Work request: Give the listing again exactly, skipping any pictures it holds.

Dataset section:
>>>>

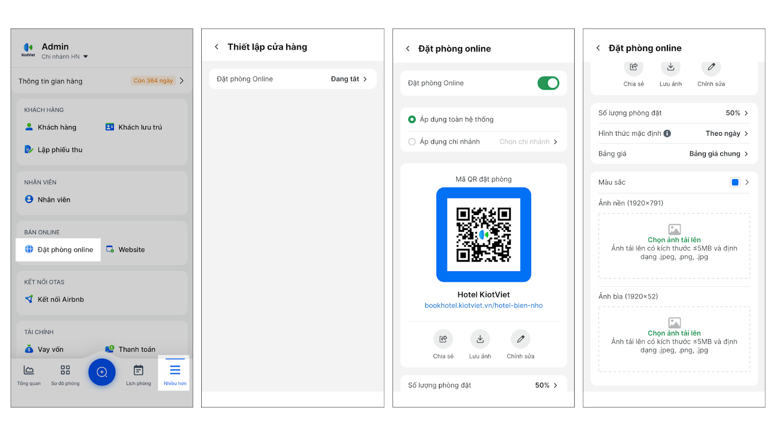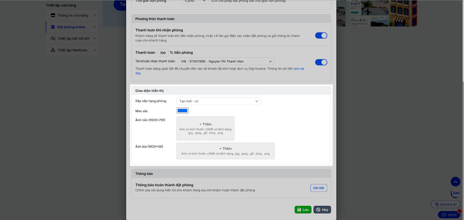- Giao diện: Thiết lập cách Sắp xếp thứ tự hạng phòng, Màu sắc chủ đạo, Ảnh nền, Ảnh bìa.
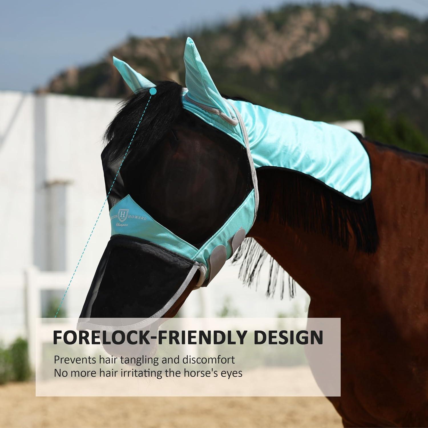 Ergonomic and Nonrestrictive Design: Designed with your horse's comfort in mind, the ergonomic shape of this mask ensures it fits perfectly, offering both comfort and protection. The mask's design conforms to the horse's head, staying securely in place without causing restriction.
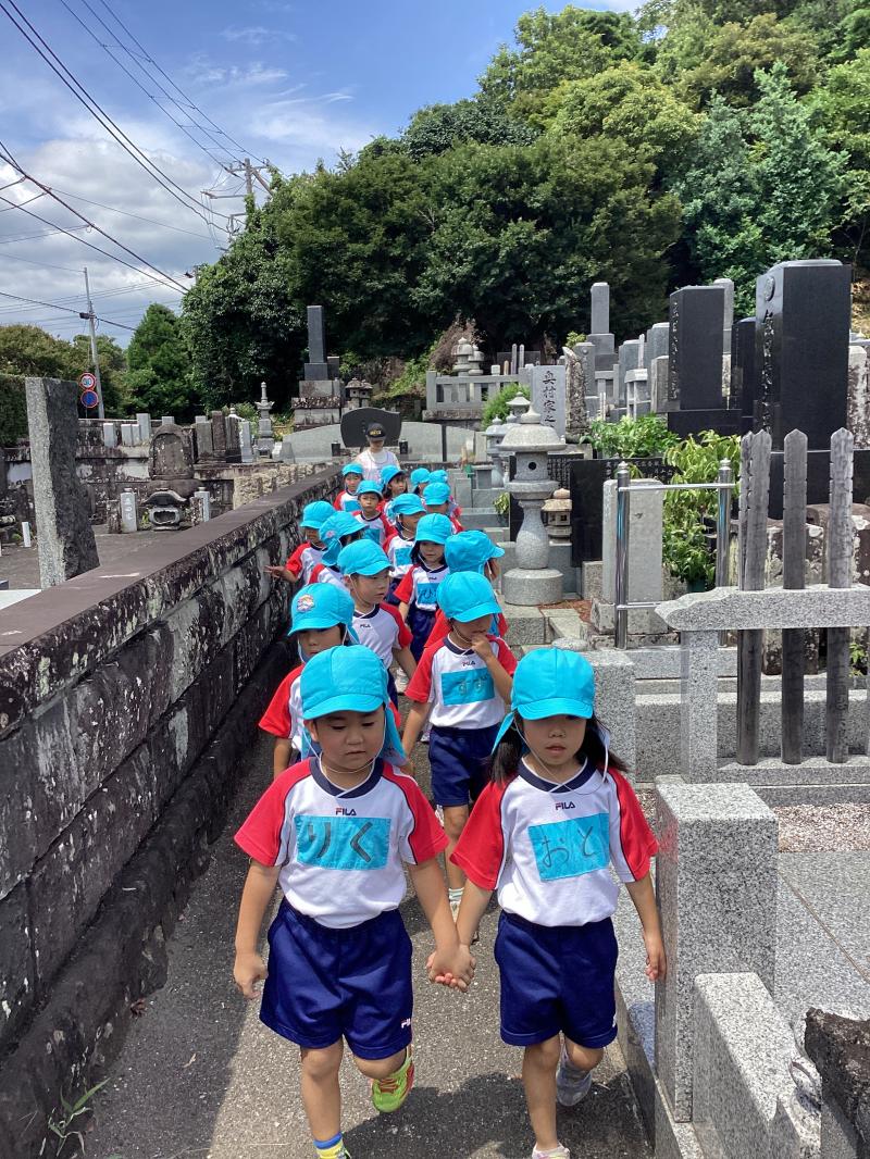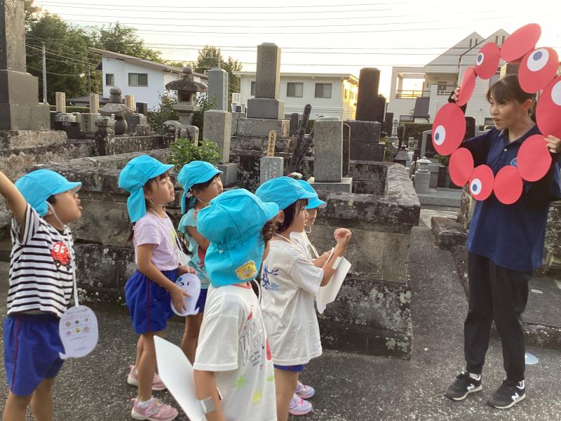 • お散歩に行ったよ♪おたのしみ保育で行う‘‘きもだめし‘‘のコースを覚えながら歩きます♬
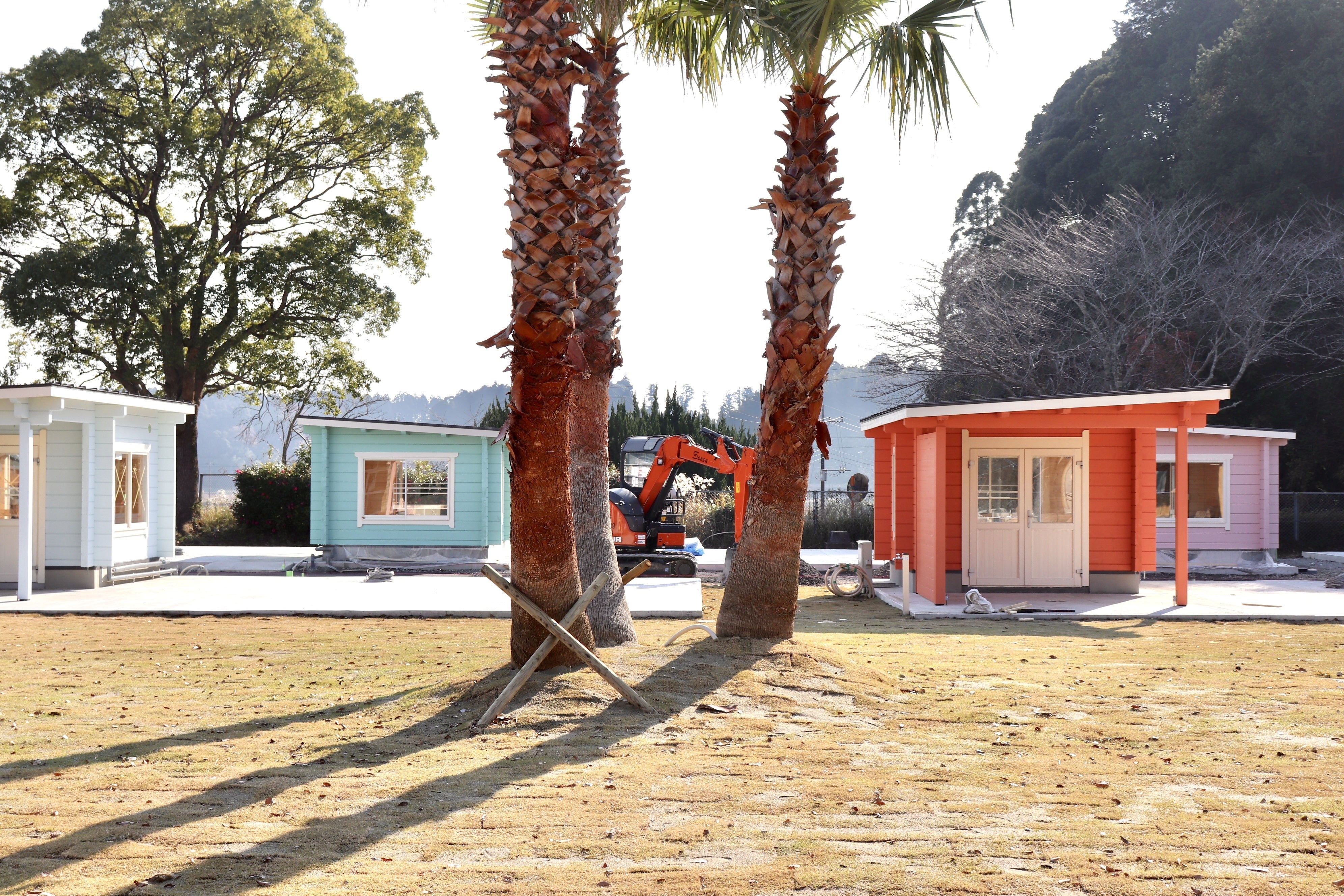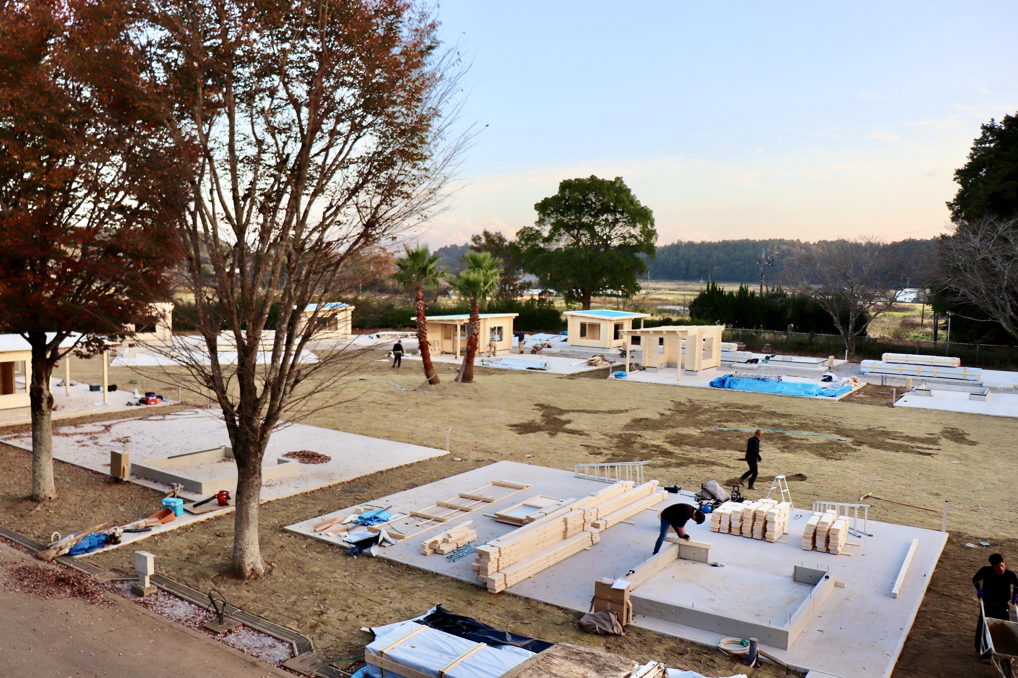 手前に見えるレンガ造りはキャンプファイヤーになる場所で、奥に建ち並び始めているのがBBQハウスです。

<<<<

Solution to this exercise:
- Giao diện: Thiết lập cách Sắp xếp thứ tự hạng phòng, Màu sắc chủ đạo, Ảnh nền, Ảnh bìa.
 Ergonomic and Nonrestrictive Design: Designed with your horse's comfort in mind, the ergonomic shape of this mask ensures it fits perfectly, offering both comfort and protection. The mask's design conforms to the horse's head, staying securely in place without causing restriction.
 • お散歩に行ったよ♪おたのしみ保育で行う‘‘きもだめし‘‘のコースを覚えながら歩きます♬
 手前に見えるレンガ造りはキャンプファイヤーになる場所で、奥に建ち並び始めているのがBBQハウスです。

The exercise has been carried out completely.